··· Material supplied ···

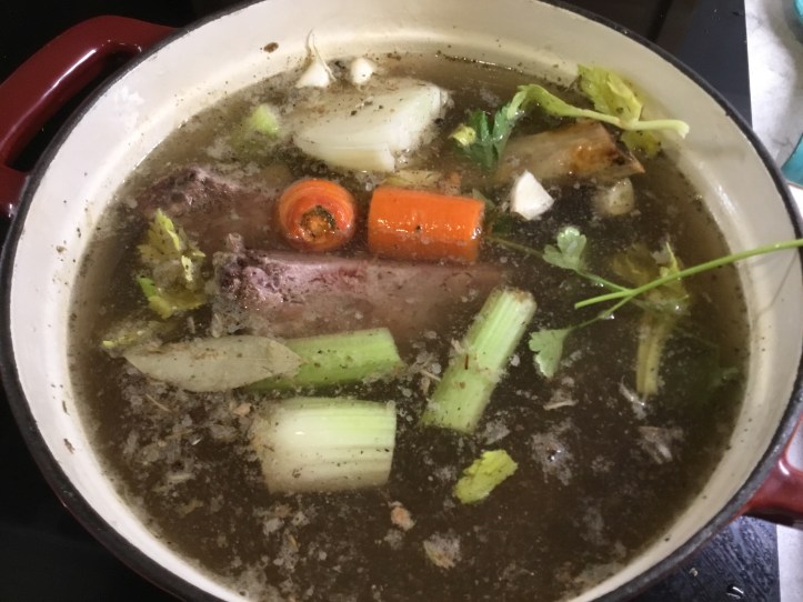 Before making this recipe I made a beef stock from the rib bones and meet from the Prime Rib. I add the ribs to 2 quarts of water with roughed cut onion, 2 carrots, 2 celery ribs, salt, a tablespoon of pepper corns, 2 cloves of garlic, onion powder and garlic poweder and simmer on med/low heat for 5-8 hours. The longer the better. You can pick the meat off the bones and use for the soup or discard them. Strain the broth using a fine mesh strainer and cool in fridge for 2-3 hours and remove any fat from top before making the soup.
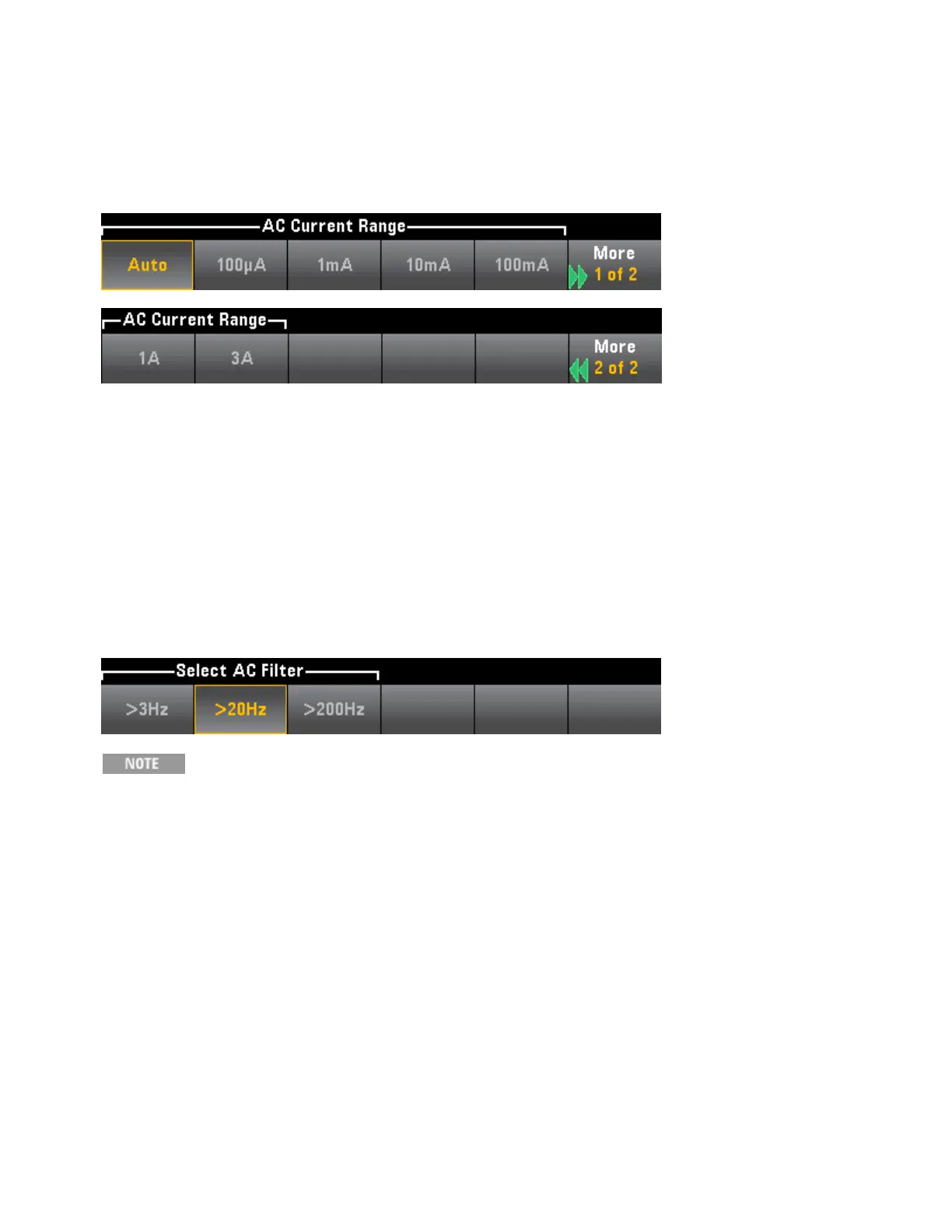Step 5: Press AC Filter and choose the filter for the measurement. The instrument uses three different AC
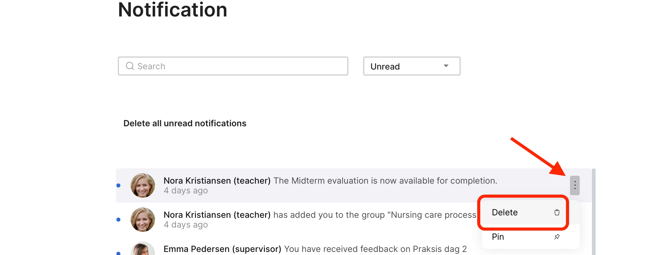 Permanent sletting av varsler: For å slette et varsel permanent:
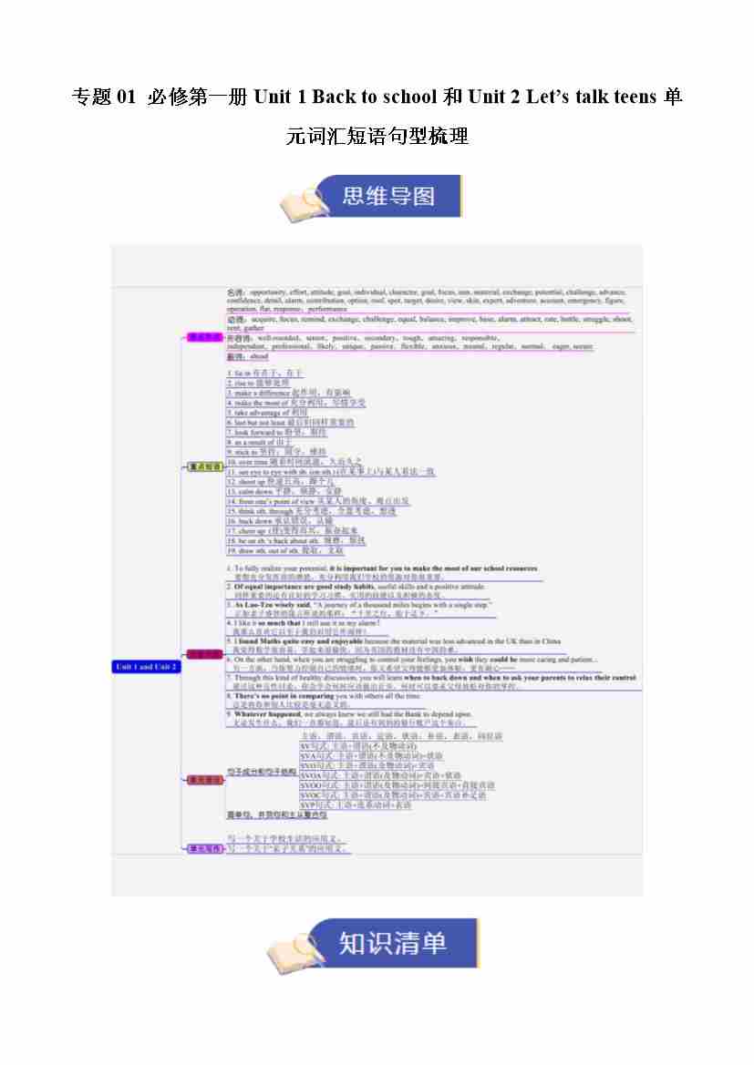 专题01 必修第一册Units 1~2 重点词汇句型语法&写作通用(期末复习知识清单)(背诵版)
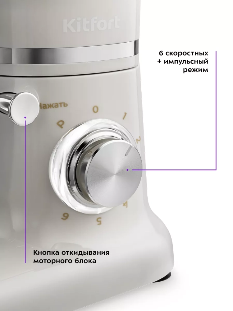 Планетарный миксер Kitfort КТ-3422 поможет вам смешать ингредиенты, взбить яичный белок или сливки, приготовить картофельное пюре, соус, крем, мусс, замесить жидкое тесто для блинов и крутое — для пельменей и пирогов. В комплекте миксера имеется три насадки.

···

What you have to do: Reproduce each line of the records exactly and exclude any images.

Exercise response:
 Before making this recipe I made a beef stock from the rib bones and meet from the Prime Rib. I add the ribs to 2 quarts of water with roughed cut onion, 2 carrots, 2 celery ribs, salt, a tablespoon of pepper corns, 2 cloves of garlic, onion powder and garlic poweder and simmer on med/low heat for 5-8 hours. The longer the better. You can pick the meat off the bones and use for the soup or discard them. Strain the broth using a fine mesh strainer and cool in fridge for 2-3 hours and remove any fat from top before making the soup.
Step 5: Press AC Filter and choose the filter for the measurement. The instrument uses three different AC
 Permanent sletting av varsler: For å slette et varsel permanent:
 专题01 必修第一册Units 1~2 重点词汇句型语法&写作通用(期末复习知识清单)(背诵版)
 Планетарный миксер Kitfort КТ-3422 поможет вам смешать ингредиенты, взбить яичный белок или сливки, приготовить картофельное пюре, соус, крем, мусс, замесить жидкое тесто для блинов и крутое — для пельменей и пирогов. В комплекте миксера имеется три насадки.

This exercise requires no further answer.